Back in 1997, three years before the Alternative Nation went apeshit for their album of icy Icelandic whale-music,
Ágætis Byrjun, Sigur Rós released
Von. This atmospheric curio, formerly available only through the band's own label or from greedy trainspotters on Ebay, was a much sought-after collector's item that only added to the odd little band's hipster cache. This reissue, courtesy of One Little Indian, gives SR's ambitious debut a wider release.
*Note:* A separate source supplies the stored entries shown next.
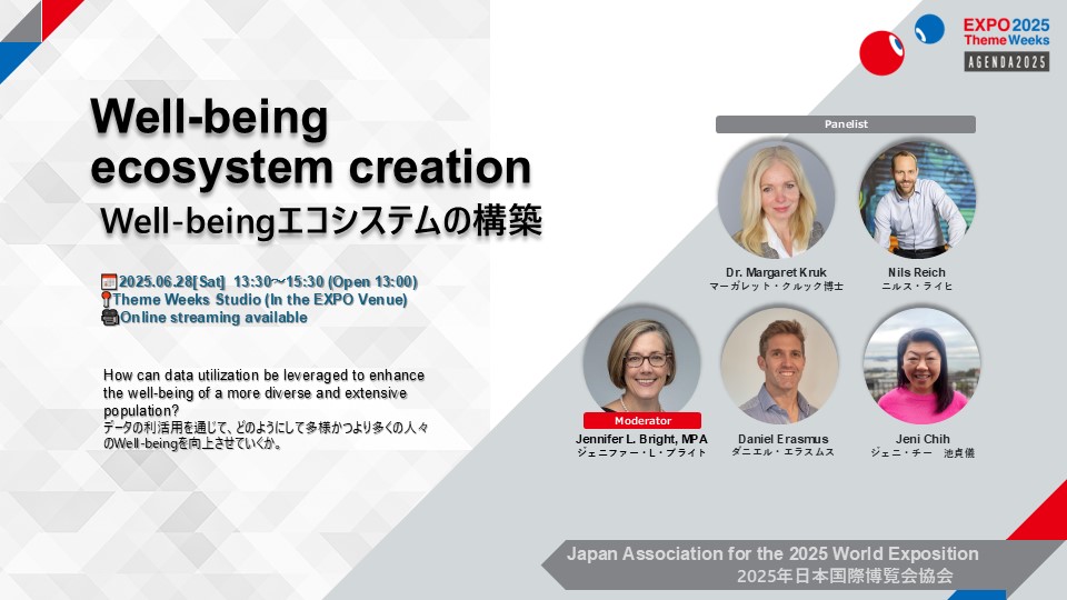 本プログラム「Well-beingエコシステムの構築」は、2025年6月28日、大阪・関西万博のテーマウィーク「健康とウェルビーイングウィーク」におけるアジェンダ2025主催プログラムとして開催された。世界各国の専門家、企業、学術機関、医療保険者など多様なステークホルダーが集結し、「データ活用によって多様で広範な人々のWell-beingをいかに高めるか?」という問いに対し議論を展開した。
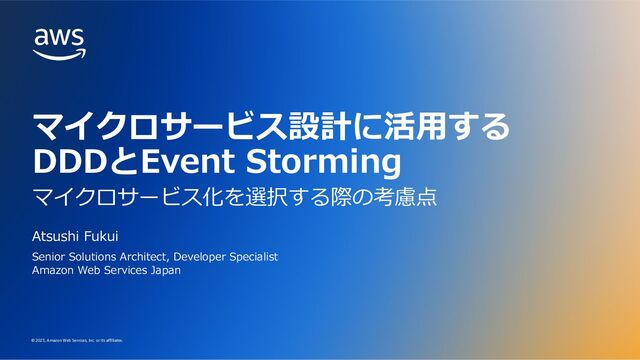 its affiliates. アカウント サービス ユーザー サービス 共有されている モノリシック データベース Store Front ユーザー インターフェイス レガシーシステム クライアント ブラウザ カート マイクロサービス ACL ユーザー マイクロサービス 新機能 サービス API API API アカウント マイクロサービス API ストラングラーパターンでモノリスから移⾏
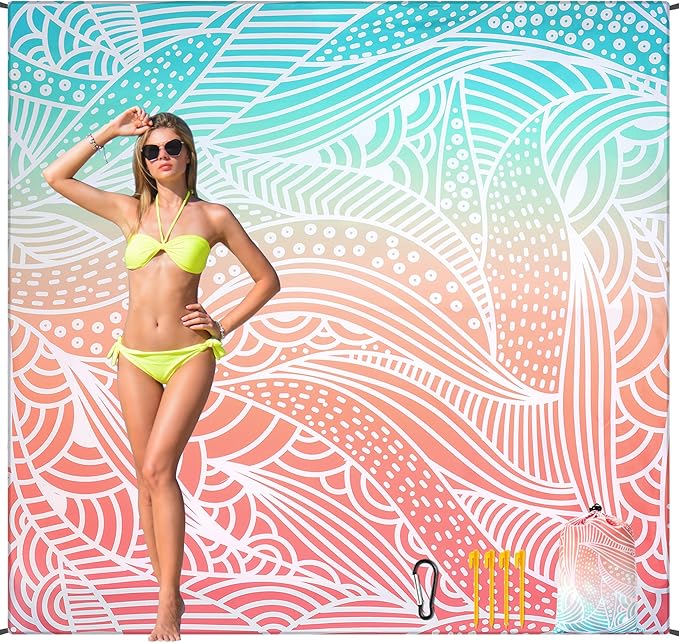 Beach Blanket Waterproof Sandproof Beach Mat 79โx 83โ for 1-4 Adults Quick Drying Durable Outdoor Picnic Mat for Beach Festival Travel Camping Hiking (Gradiant P&GN-Ripple, 79"ร83"(4 Person))
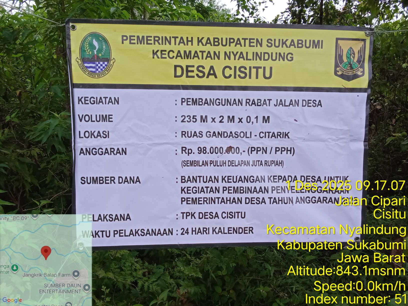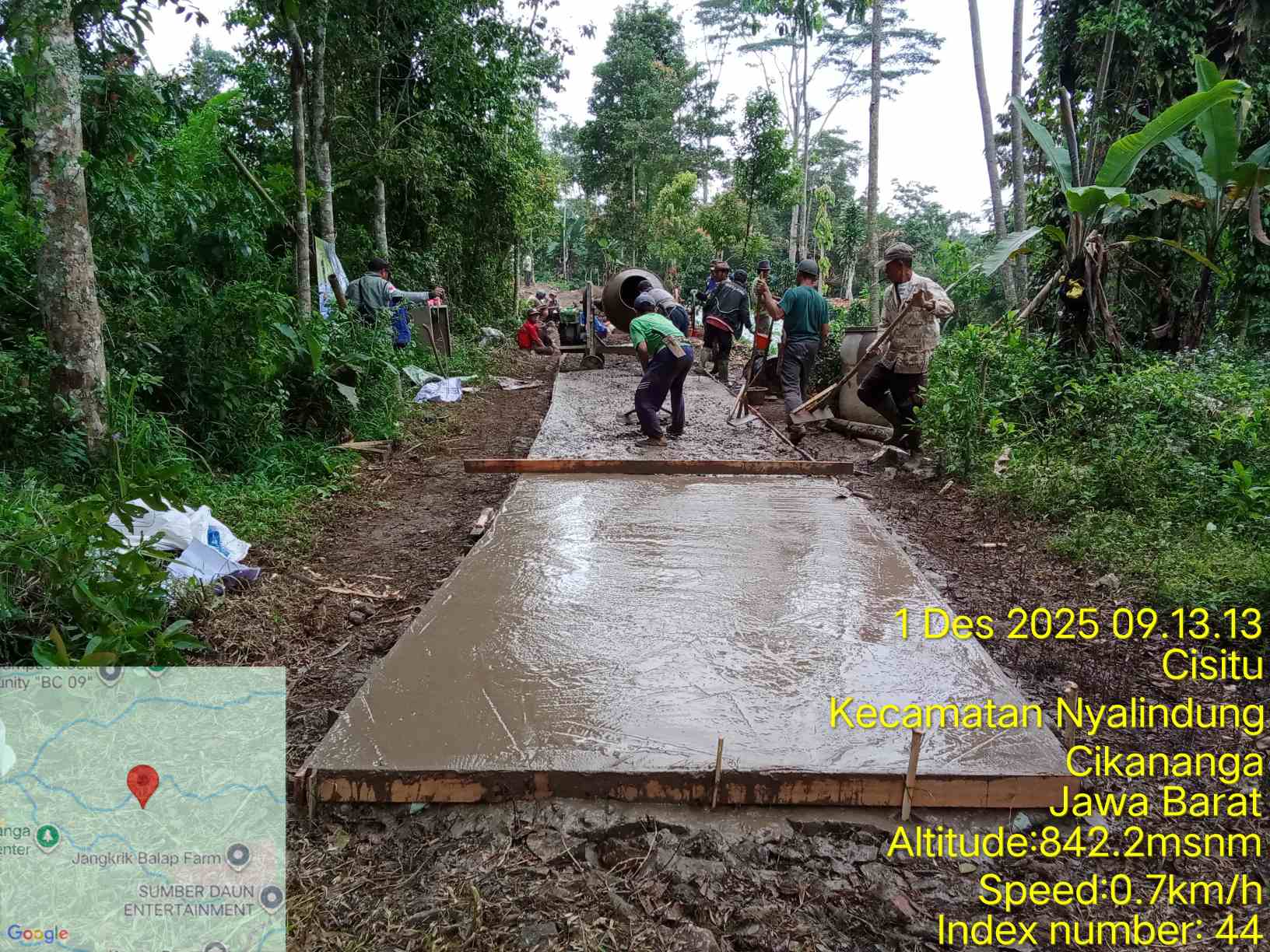 NYALINDUNG, sukabumizone.com || Pembangunan rabat jalan di Desa Cisitu, Kecamatan Nyalindung, Kabupaten Sukabumi mulai memberikan dampak positif bagi warga. Proyek yang berlokasi di jalur Gandasoli–Citarik itu merupakan realisasi Bantuan Keuangan Provinsi (Banprov) Jawa Barat Tahun 2025.
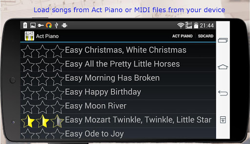 你可以在互聯網上找到你喜歡歌曲的鋼琴演奏MIDI檔(或者將你紙質樂譜輸入打譜軟體MuseScore等,再轉成MIDI檔),下載到SD卡以後就可以用ActPiano來嘗試練習了!
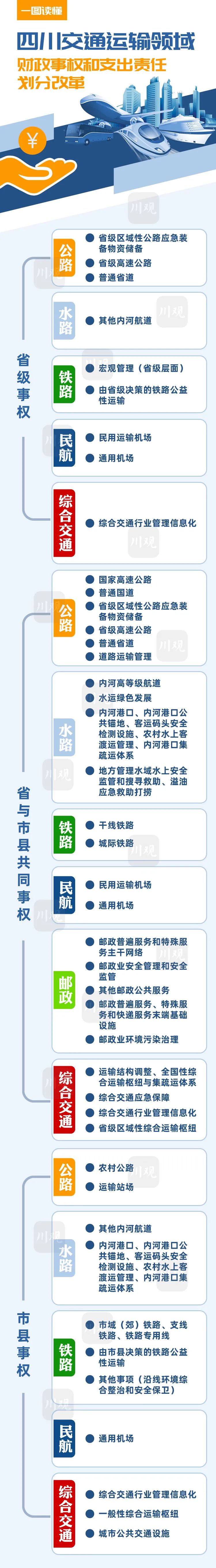 这次《方案》一共把公路、水路、铁路、民航、邮政、综合交通6个方面的省与市县财政事权和支出责任划分清楚了。
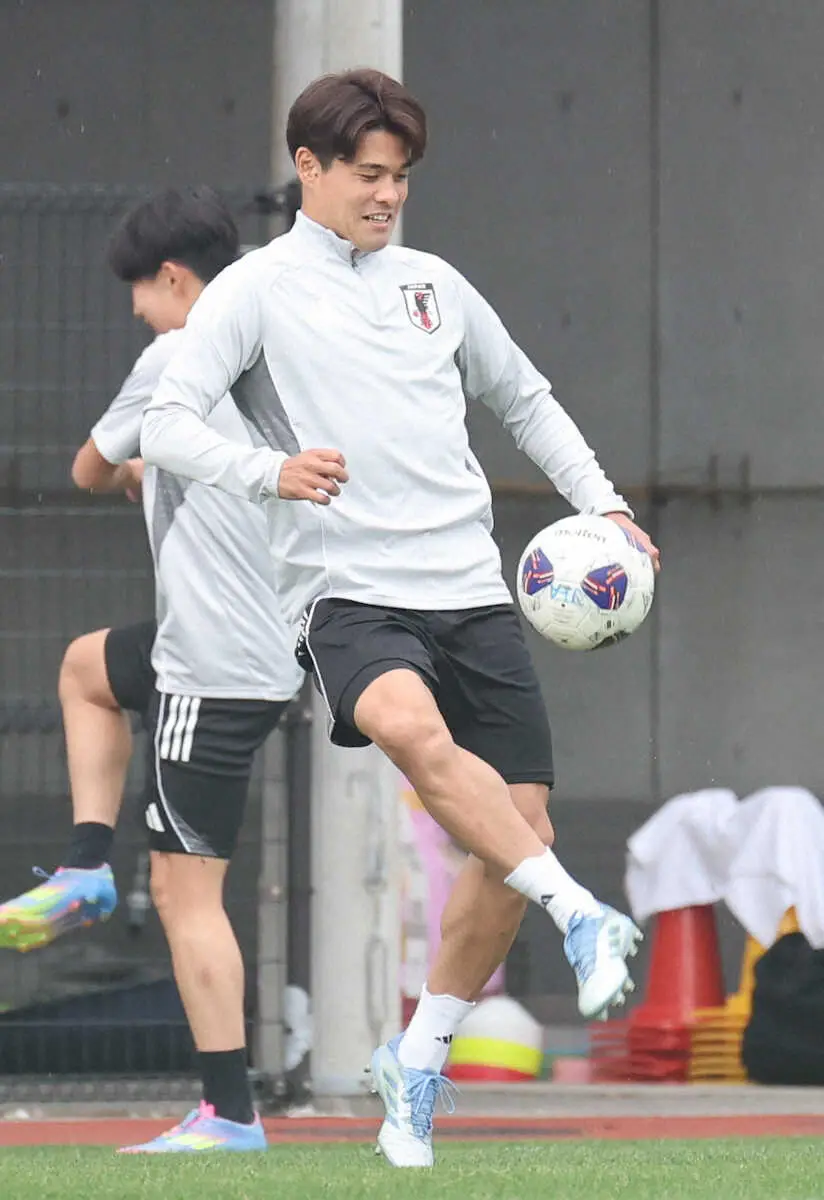 <日本代表練習>俵積田(左)らと練習する佐野海(右は長谷部コーチ)(撮影・長嶋 久樹) Photo by スポニチ 佐野海舟 約6カ月ぶりの国内試合に向け「結果が一番大事になる」「声は届… ギャラリーで見る この記事のフォト 2025年06月08日の画像一覧 もっと見る 2025年06月08日の画像をもっと見る
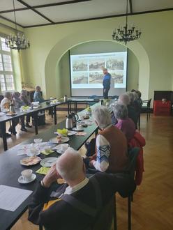 Jens Gablowsky informierte gezielt über die Geschichte, den Zustand und die denkmalschützerischen Anforderungen für das Mahnmal KZ Außenlager Barth Süd. Sein bebilderter Vortrag fand nicht nur viel Anklang, eine der Anwesenden konnte sich beim Anschauen der Fotos sogar erinnern, wie sie als Kind an einem der Gedenktage dort beteiligt war. Es braucht nicht nur viel Geld, sondern auch eine Menge an Vorbereitungen und Abstimmungsprozessen, die Beantragung von Fördermitteln inbegriffen, um die dringend erforderliche Turmsanierung durchführen zu können und das Mahnmal in einen würdigen Zustand zu versetzen.
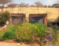 Only two years after Erhard was taken to South Africa, during a large thunder storm it rained so much that the earthen dam could not hold the torrent and the water went over the top and cut a deep gorge into the wall. At that time Monteith had only two sources of water, the windmill at Haruparra and the reservoir in front of the house. Fortunately, the neighbor, Mr. Rogers, offered to help. He and his ranch hands worked for more than six weeks, using donkeys, oxen, and earth scoops, sometimes in pouring rain, to repair the dam wall.
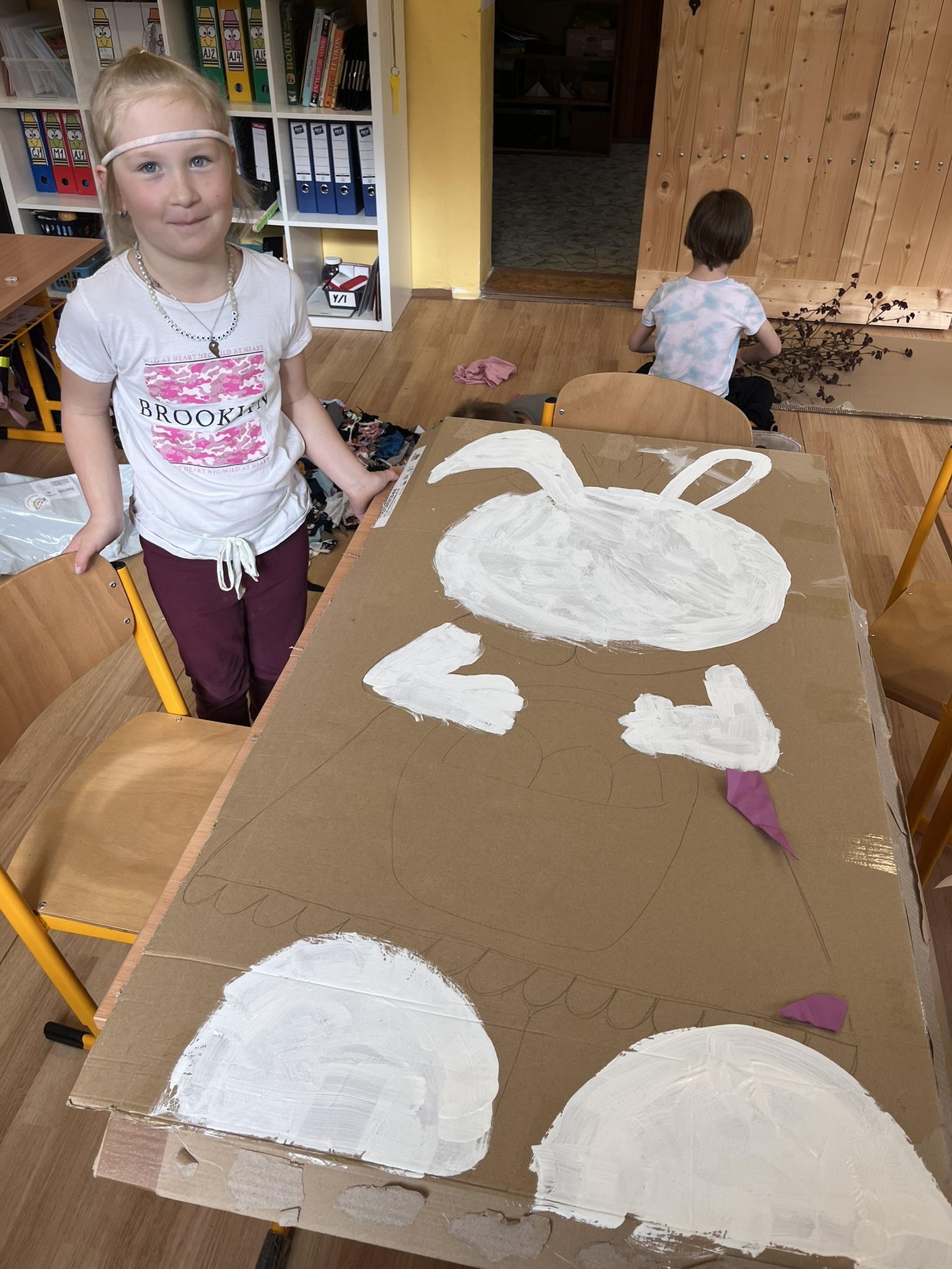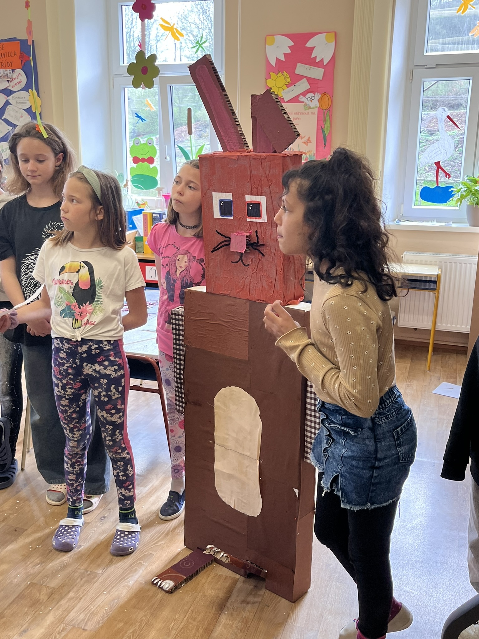 Hned na začátku všechny překvapil dopis od velikonočního zajíčka , který každému zadal úkol – vytvořit svého zaječího kamaráda podle přesných parametrů. Děti se pustily do práce a vznikla tak celá parta originálních zajíčků!
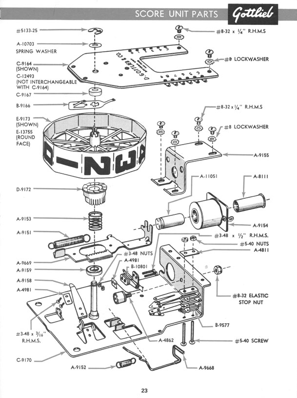 Brass wiper contact for score reels in many Gottlieb electro-mechanical (EM) games.
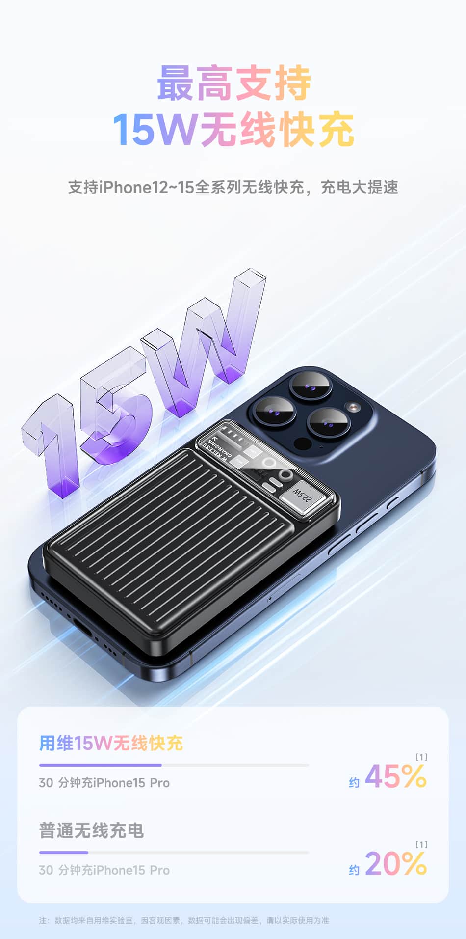 Fast Wireless Performance: Lab tests show it can charge an iPhone 15 Pro to approximately 45% in 30 minutes, significantly faster than standard wireless charging.

Von is a darker, creepier experience than its follow-up, but the band's basic elements -- barren, windswept soundscapes, weird noises, lush string passages, Jon Thor Birgisson's angelic alien-baby vocals and an artistic vision so over the top it scratches the moon -- were evidently in place right from the start. It's a long, occasionally ponderous listen, lasting well over an hour with long passages of near-silence or sustained drones, but it's an impressive and rewarding journey that moves between prog, space-rock and subdural transmissions in ancient alien tongues. Enormous slabs of headphone ambience rule the roost here, with "Hún Jöro"'s tribal pulse and "Myrkur"'s reverb-soaked majesty standing out from the larger atmospheric movements. Weirdly, there are moments on Von that are closer to earthbound rock and pop than Ágætis Byrjun and ( )'s extended instrumental suites, sounding more like Yes performed by an isolated clutch of Finnish monks than the billowing blue-grey-spacecraft-landing-inside-your-head-sensation that fans have come to love and expect. Bestial, bombastic and beautiful, often all at once, Von is a brilliant bow.